■ **SUPPLIED INFORMATION**
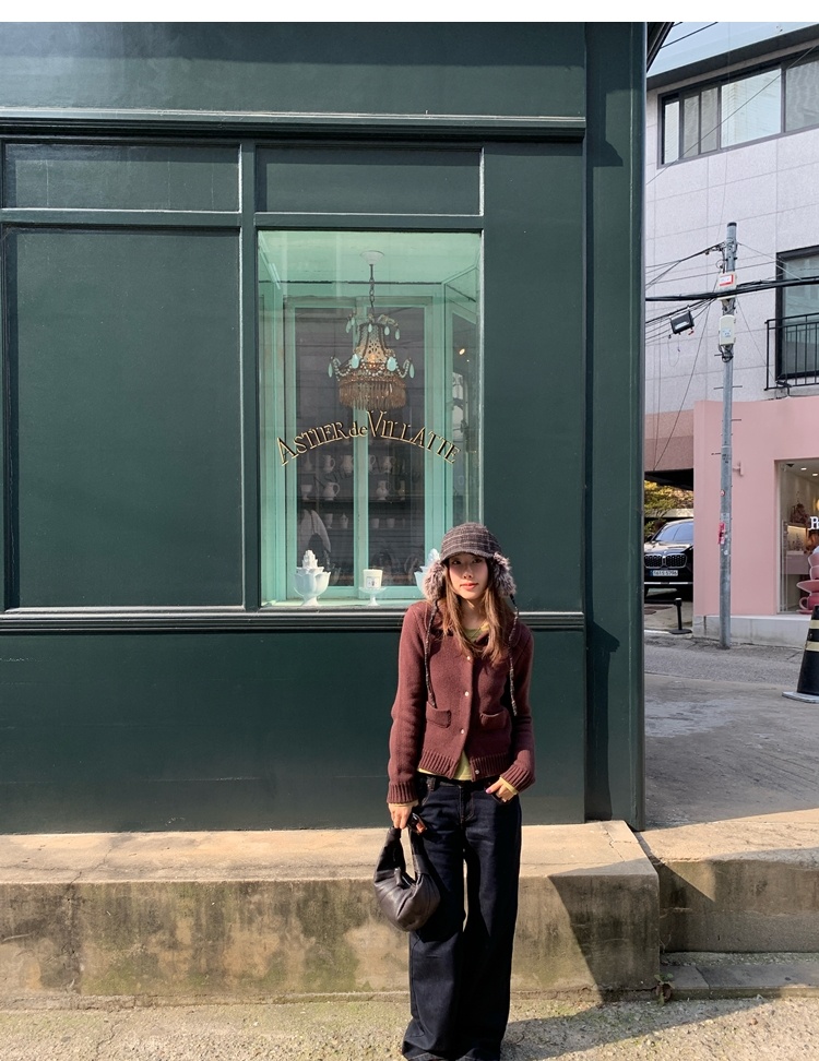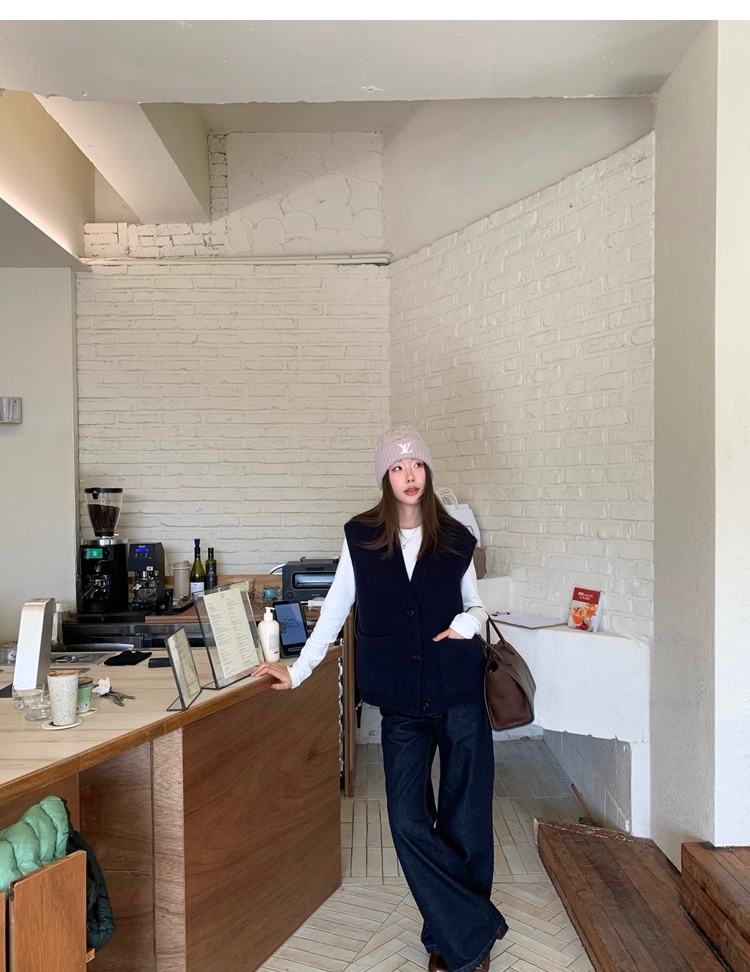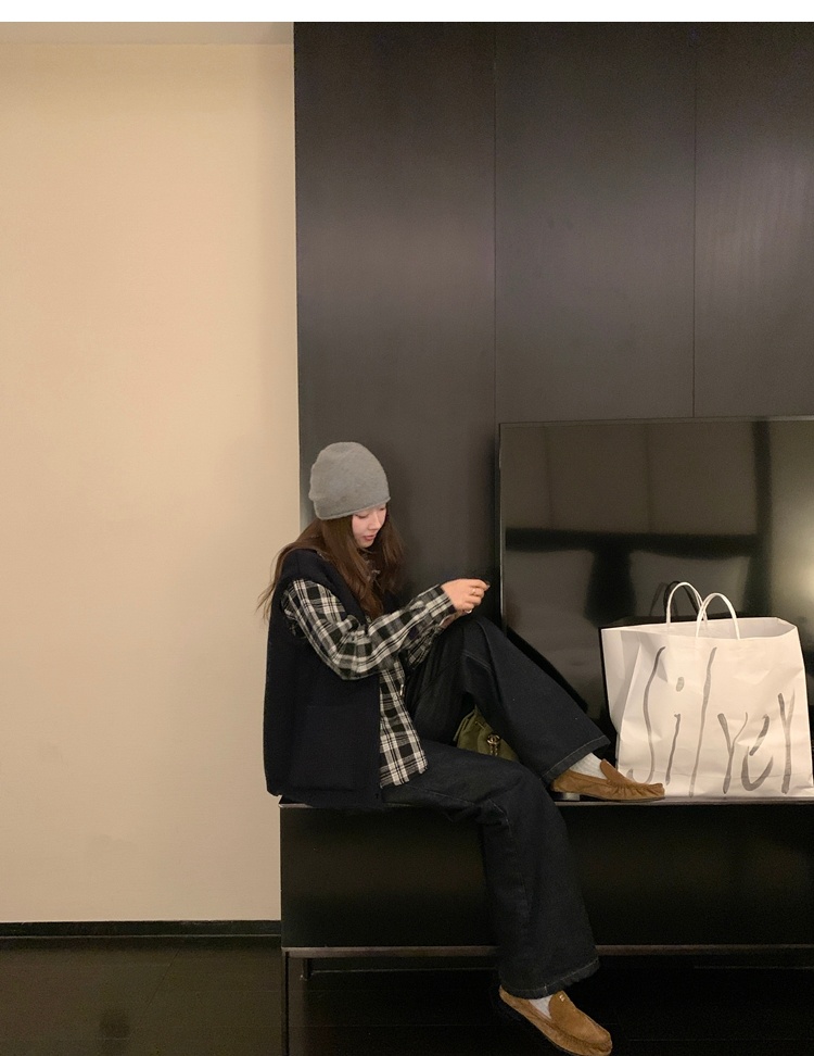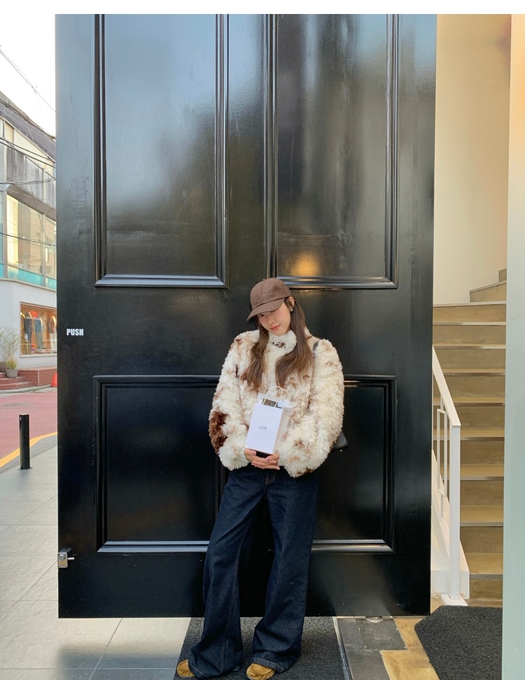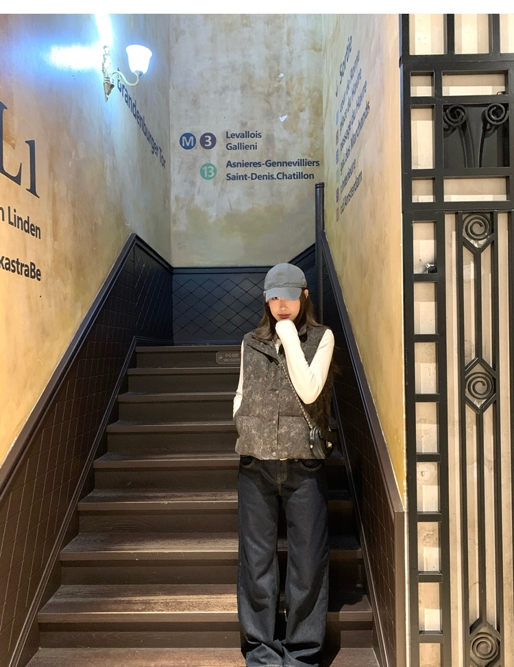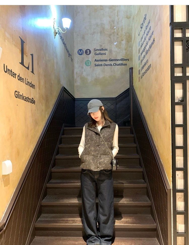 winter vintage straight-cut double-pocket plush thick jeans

--

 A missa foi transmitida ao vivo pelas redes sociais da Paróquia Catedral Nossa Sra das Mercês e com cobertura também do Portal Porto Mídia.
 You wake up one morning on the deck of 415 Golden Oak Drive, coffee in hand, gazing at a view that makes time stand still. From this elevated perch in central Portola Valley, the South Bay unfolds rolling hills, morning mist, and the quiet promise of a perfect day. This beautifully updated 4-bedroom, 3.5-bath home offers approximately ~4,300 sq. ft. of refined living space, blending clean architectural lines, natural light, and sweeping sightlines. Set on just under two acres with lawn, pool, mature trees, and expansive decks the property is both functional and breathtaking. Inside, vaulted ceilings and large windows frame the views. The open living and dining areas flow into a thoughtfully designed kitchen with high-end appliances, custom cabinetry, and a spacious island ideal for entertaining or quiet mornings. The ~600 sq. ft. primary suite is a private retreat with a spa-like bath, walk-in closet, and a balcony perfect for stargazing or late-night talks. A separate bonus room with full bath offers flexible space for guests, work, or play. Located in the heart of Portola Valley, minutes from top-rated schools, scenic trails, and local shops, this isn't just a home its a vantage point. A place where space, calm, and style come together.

■ **BRIEF**
The required answer is the exact run of lines above starting at the line with "A missa foi" and ending at the line with "You wake up", with both ends present.

■ **RESULT OF THE TASK**
 A missa foi transmitida ao vivo pelas redes sociais da Paróquia Catedral Nossa Sra das Mercês e com cobertura também do Portal Porto Mídia.
 You wake up one morning on the deck of 415 Golden Oak Drive, coffee in hand, gazing at a view that makes time stand still. From this elevated perch in central Portola Valley, the South Bay unfolds rolling hills, morning mist, and the quiet promise of a perfect day. This beautifully updated 4-bedroom, 3.5-bath home offers approximately ~4,300 sq. ft. of refined living space, blending clean architectural lines, natural light, and sweeping sightlines. Set on just under two acres with lawn, pool, mature trees, and expansive decks the property is both functional and breathtaking. Inside, vaulted ceilings and large windows frame the views. The open living and dining areas flow into a thoughtfully designed kitchen with high-end appliances, custom cabinetry, and a spacious island ideal for entertaining or quiet mornings. The ~600 sq. ft. primary suite is a private retreat with a spa-like bath, walk-in closet, and a balcony perfect for stargazing or late-night talks. A separate bonus room with full bath offers flexible space for guests, work, or play. Located in the heart of Portola Valley, minutes from top-rated schools, scenic trails, and local shops, this isn't just a home its a vantage point. A place where space, calm, and style come together.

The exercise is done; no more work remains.